What is 'material design'?

What Google really means by ‘resembling the way you do things in the real world’ is using visual cues and animation to make it obvious how Android L’s OS and apps work – and to make them feel natural. While the overall look is bright and flat, faux lighting and shadow gives elements depth and make it obvious what you do with them. The way them move mimics real controls: they accelerate, move then decelerate, for example like your car’s steering wheel does when you turn it – so you feel like you’re interacting with real objects. Animation gives meaning to what’s happening, it confirms what you’ve chosen to do is happening and draws attention to what you might want to do next.

What Google’s 'material design' also aims to achieve is a consistent visual and interactive across its Android phones and tablet – plus Chromebooks, TVs and other devices in the future. Google’s design site provides 'best practice’ information for developers, so hopefully Android apps will become more coherent.

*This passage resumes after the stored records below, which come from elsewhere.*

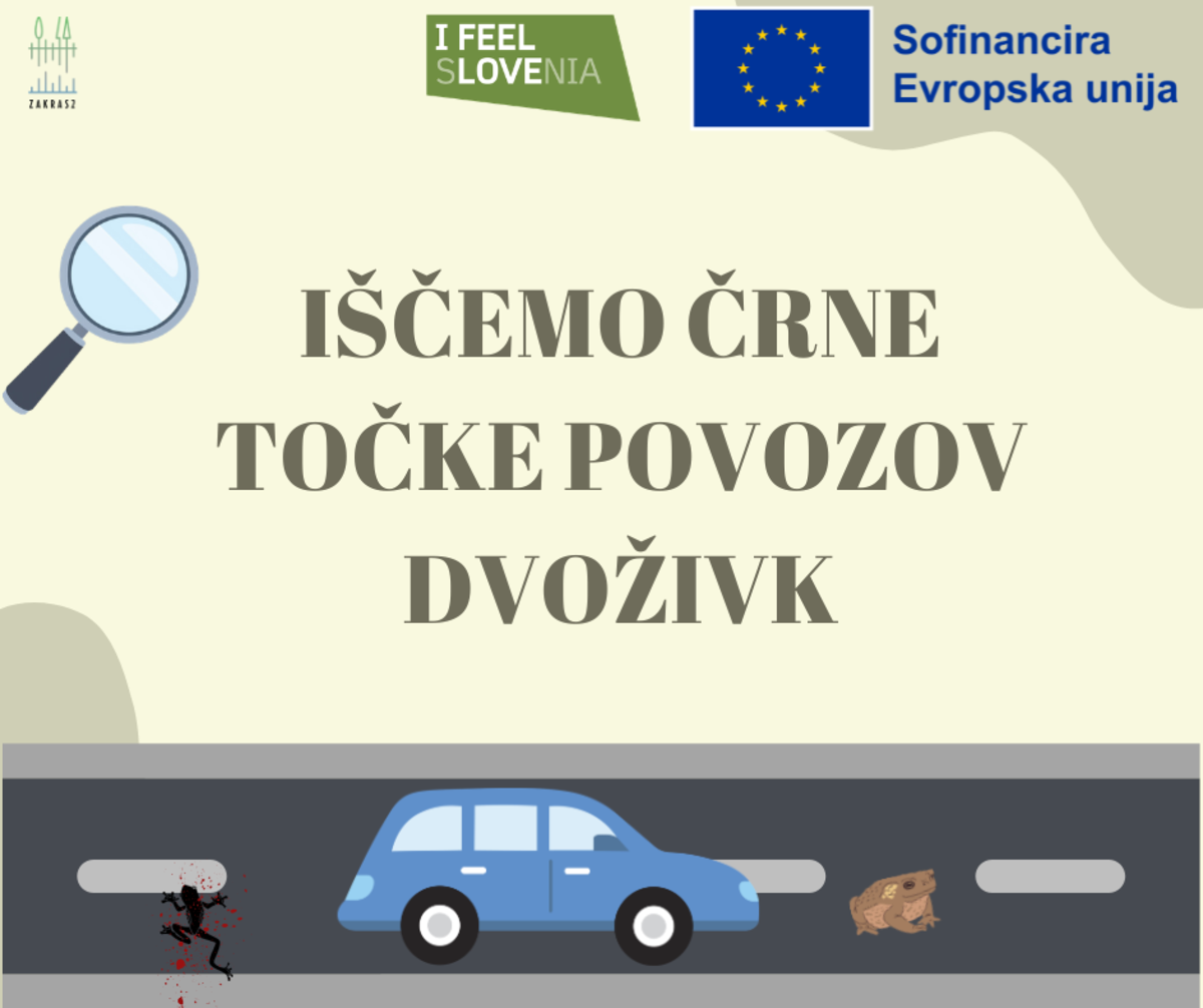 V sklopu projekta ZA KRAS 2 iščemo črne točke na naših cestah - to so lokacije, kjer je ob večerih/ponoči veliko število povoženih dvoživk (krastače, žabe, pupki, močeradi..). Pri tem potrebujemo vašo pomoč, saj več ljudi več opazi.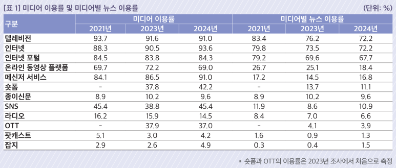 2024년 한국언론진흥재단의 <언론수용자 조사>1) 결과, 수용자의 미디어 이용률은 대체로 상승한 가운데, 이들 미디어를 통한 뉴스 이용률은 대체로 하락했습니다.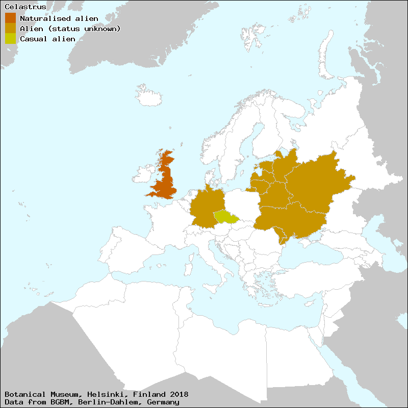 Raab-Straube, E. von (2018): Celastraceae. – In: Euro+Med Plantbase - the information resource for Euro-Mediterranean plant diversity. This work is licensed under a Creative Commons Attribution-ShareAlike 3.0 Unported license (CC-By-SA-3.0 Unported).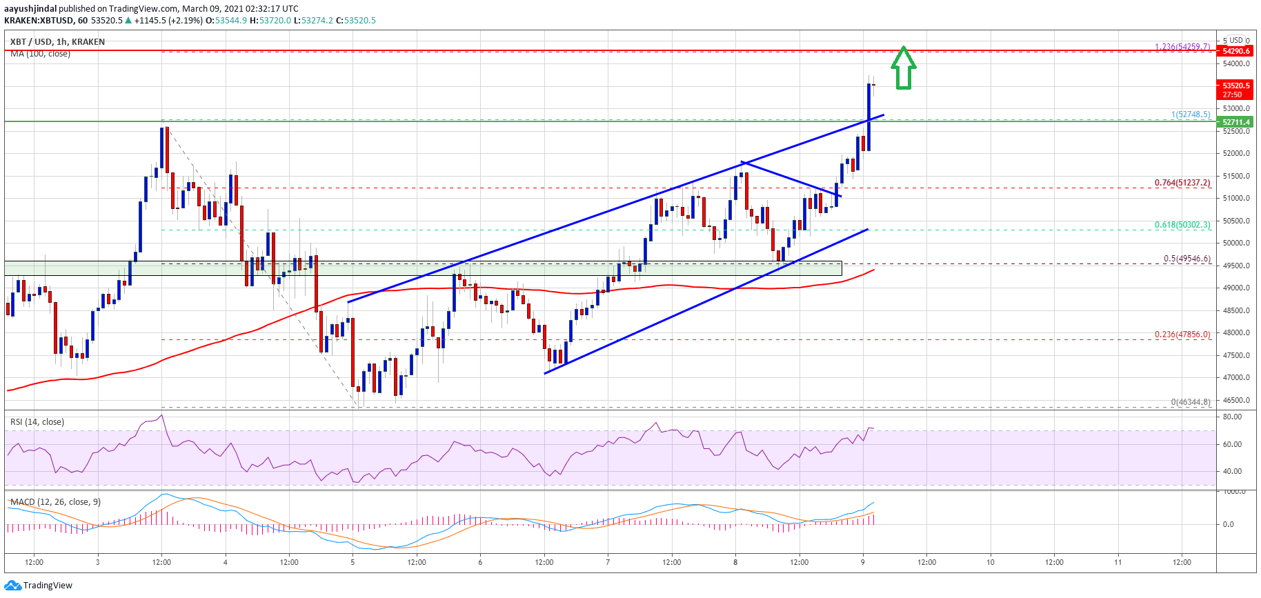 Bitcoin price rallied over 5% and it even broke the $52,000 resistance against the US Dollar. BTC is now above $53,000 and it is likely to continue higher towards $54,500 and $55,000.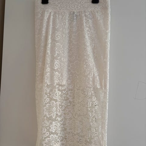 Står ikke str i skjørtet, men tipper M. Har målt, og skjørtet er 70cm rundt livet.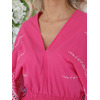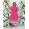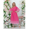 Восхитительное платье полуприлегающего силуэта из текстильной ткани розового цвета с контрастной вышивкой. V-образный вырез обработан окантовкой. Платье с цельнокроеными рукавами. Линия талии завышена, эффектно подчеркнута декоративным швом с резинкой. Длина изделия по спинке от плечевого шва до низа изделия - см. Рост фотомодели - 170 см.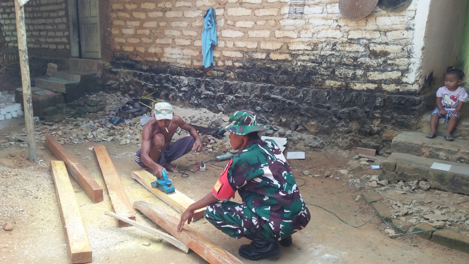 “Sebagai Babinsa, sudah menjadi tanggung jawab saya untuk selalu berada di tengah-tengah warga, baik dalam kegiatan sosial, kerja bakti, maupun membantu pekerjaan seperti ini.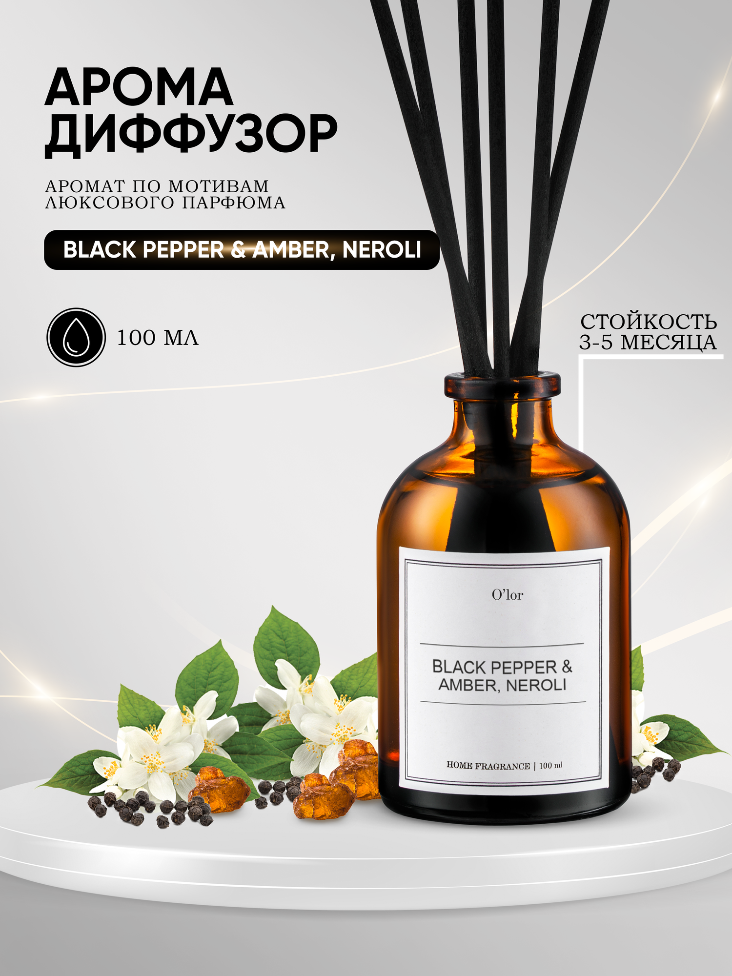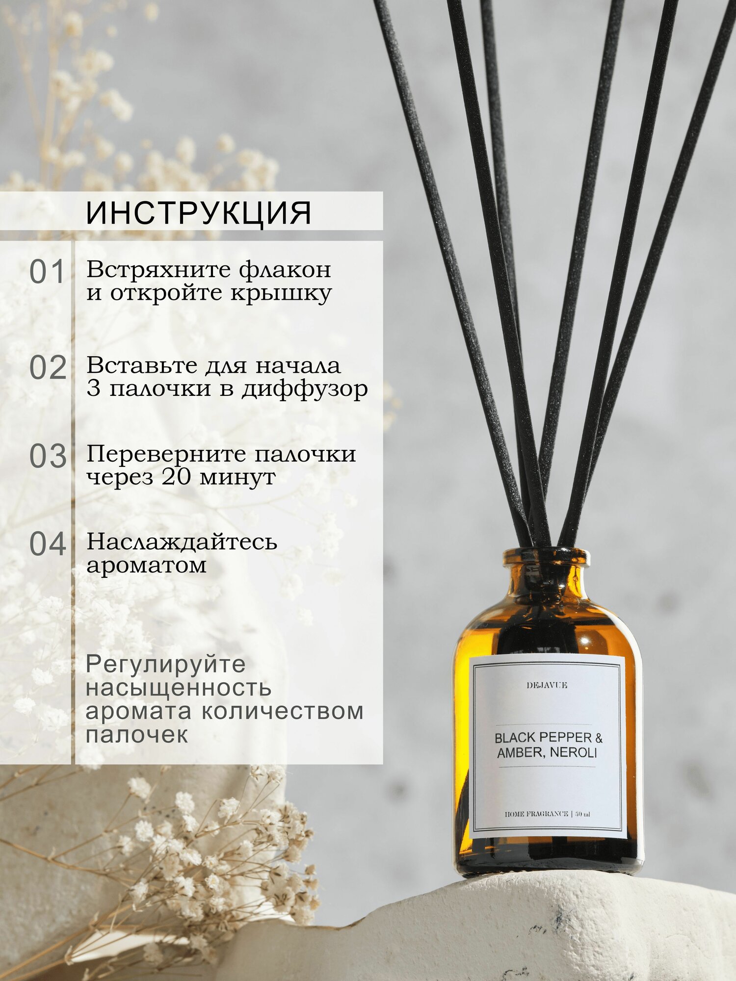 Ароматический диффузор Dejavue Black Pepper & amber, neroli / ароматизатор для дома с палочками 100 мл интересное: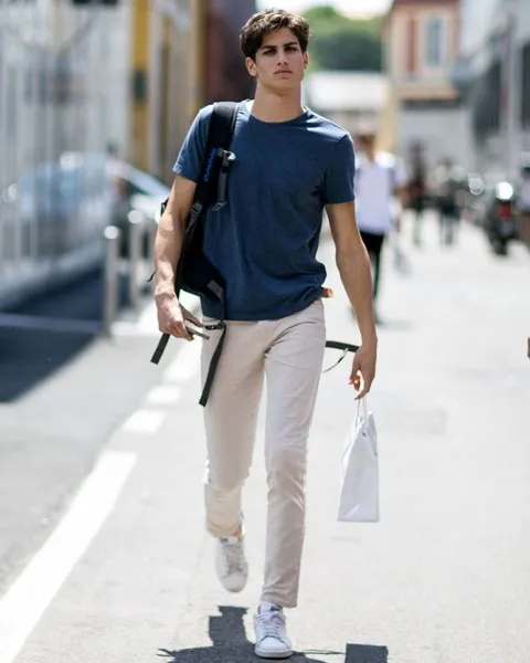 Outfit ke kampus ini sangat cocok untuk kalian yang menyukai gaya simple. Coba deh padukan kaos polos kalian dengan celana jeans, kalian akan terlihat cool! Perpaduan kaos dan celana jeans emang nyaman untuk dipakai berkegiatan sehari-hari, termasuk untuk outfit keren ke kampus. Supaya terlihat semakin keren, jangan lupa padukan juga dengan sneakers, ya!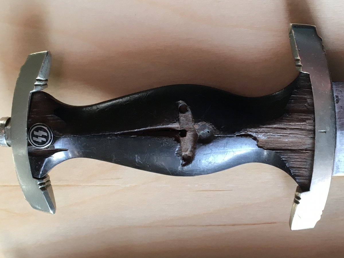 Кинжал SS с родным подвесом , раннее клеймо , мельхиоровые гарды и приборы на ножнах , сам кортик не в идеале , ручка потрескалась и имеет потери , в принципе все погрешности постарался показать на фото . Таблетка копия .

The potential digital spanner in the works is that Samsung, HTC et al use their own modified versions of Android – and none have said if they’ll be altering their versions to be a dialect of the new Android design language or keeping consistent with what they have now. Samsung especially likes to pretend it’s never even heard of Android – like a French waiter feigning not to understand English – so it can lull buyers into using primarily Samsung apps, services and stories on Samsung phones and taking an Apple-like cut of the proceeds.

I’d speculate that Samsung and the others will move to versions of Android underpinned by 'material design’ – while still maintaing their own brand identities – to provide consistency when the standard set of Android apps that everyone uses (Facebook, Twitter, Tinder, etc) are given ‘material design’ makeovers.

Why does material design matter?

On the road of phone tech feature development, we’ve kinda pulled into a lay-by. I’ve seen one hardware feature so far this year that’s made me go ‘wow’ – the LG G3’s screen. What differentiates a great phone from a duffer is how easily and intelligently it lets you accomplish a wide range of tasks, many of which are really quite complex when you think about it.

Unless Samsung and HTC and whoever make a mess of their implementation of Android L, Google’s ‘material design’ could be the answer for us iPhone users who find Android devices require too much learning to use – as we’ve been spoiled by iOS.